Marilyn | En général je trouve ça bien bidon de rencontrer des gens en ligne. Ça perd le côté humain, le côté des rencontres tout bourré devant une boîte dans la rue. Ça gâche tout, ça robotise l’amour.

Eva | Ces applications de rencontre, ça revient à cette idée de surexposition. On fait face à une telle quantité qu’à un moment, c’est difficile de gérer. Ce que j’entends, c’est qu’il n’est pas facile de s’y retrouver quand tu peux avoir n’importe qui à 20 mètres et baiser avec n’importe qui en 30 secondes. Il n’en reste pas moins qu’il faut faire un tri.

C’est quoi pour vous le côté “moderne” de l’amour ? 

Lorenzo | Ce qui est intéressant, c’est que l’amour reste le même malgré les évolutions apportées par ces nouvelles plateformes. Le rapport au sexe change, celui à l’amour reste le même. Et c’est le fil rouge du film.

Daisy Broom (Crédit Image : Jordan Beline)

Aujourd’hui, l’intime existe sur Internet, et les parents sont largués

Eva, quelles sont, selon toi, les similitudes et différences entre les jeunes dans les années 1990 et ceux d’aujourd’hui ? 

Eva | Les points communs, ce sont la musique et la drogue. La musique électro a vraiment commencé à devenir populaire dans les années 1990, et elle est toujours aussi présente aujourd’hui. J’ai été dans les premières raves, ces espèces de fêtes infernales, hédonistes, jusqu’au-boutistes.

A contrario, devenir adulte aujourd’hui est radicalement différent par rapport à 1995. À l’époque, l’intime était dans la sphère privée, pas publique. Tout ce qui était intime et hors de la portée de ses parents, c’était dans sa chambre, c’était avec ses potes, c’était chez soi. Aujourd’hui, l’intime existe sur Internet, et les parents sont largués.

Qu’est-ce que vous pensez de cette évolution ? 

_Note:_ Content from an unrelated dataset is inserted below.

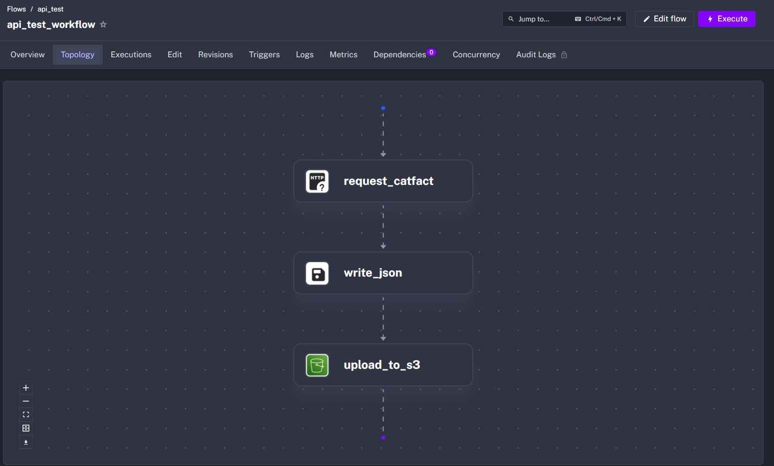 아까 만들었던 api_test_workflow 플로우에 적용하기 위해 [ Flows > api_test_workflow > Edit ] 경로로 들어가서 Flow Code 창에 task를 다음과 같이 추가 해준다.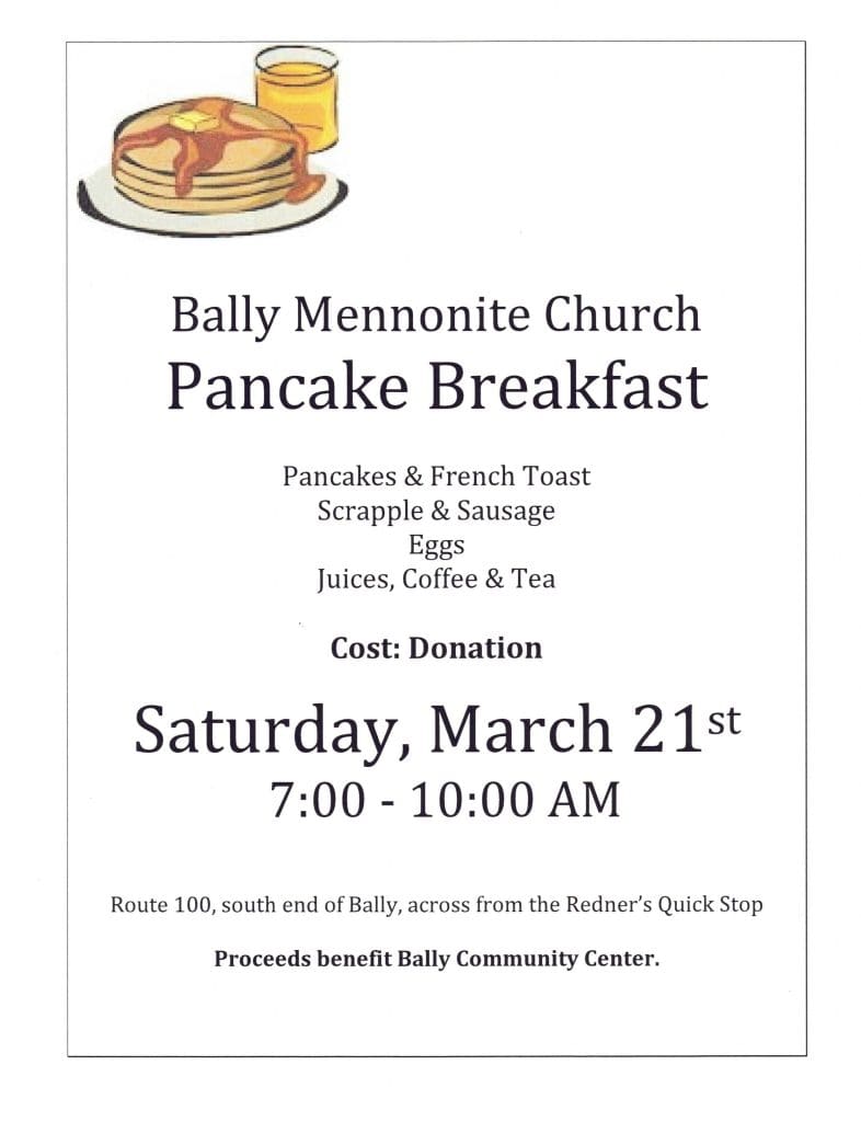 PANCAKE BREAKFAST at Bally Mennonite Church, Route 100, Bally, PA, March 21, 7:00am to 10:00am. Pancakes & French toast, scrapple & sausage, eggs and beverages. All are welcome. Cost: Donation. Proceeds will support Bally Community Center. Questions? 610-845-7780 or see website www.ballymc.org.

Eva | Je pense que chaque génération a son lot de merdes à gérer (rires). C’est pas facile. C’est pas simple de comprendre qui on est. Si, en plus, on le fait sur la place publique, putain ! (Rires) On ne traverse pas la vie comme des princesses et des princes sans blessures, en glissant sur les eaux. Ça n’existe pas. Chaque génération a son lot de drames ou de difficultés. Nous, on avait le sida.

La différence, c’est qu’à l’époque c’était une véritable épée de Damoclès. Quand tu faisais l’amour, tu te disais que peut-être tu allais mourir si tu faisais une connerie. Le rapport à l’acte sexuel est radicalement différent. C’est la génération Kids, le rapport à la mort. Aujourd’hui, le sida ne représente plus la même chose dans l’imaginaire collectif. Parce qu’on est passé à un stade ou l’on peut vivre avec, ça se gère.

Finnegan | Notre génération est soit beaucoup moins effrayée, soit beaucoup plus inconsciente. J’ai des centaines d’exemples de gens que je connais qui ne s’en préoccupent pas du tout. J’ai l’impression que la moitié des personnes mettent des capotes, que tout le monde s’en tape, que le sida n’existe plus. Il m’est déjà arrivé de dire à mon médecin : “J’ai pas un seul ami d’un ami qui a le sida.” Et il m’a répondu : “Détrompe-toi, parmi tous les gens que tu connais, il y en a forcément un qui l’a.” On a l’impression que c’est beaucoup plus léger. C’est une insouciance collective qui est bien retranscrite dans le film.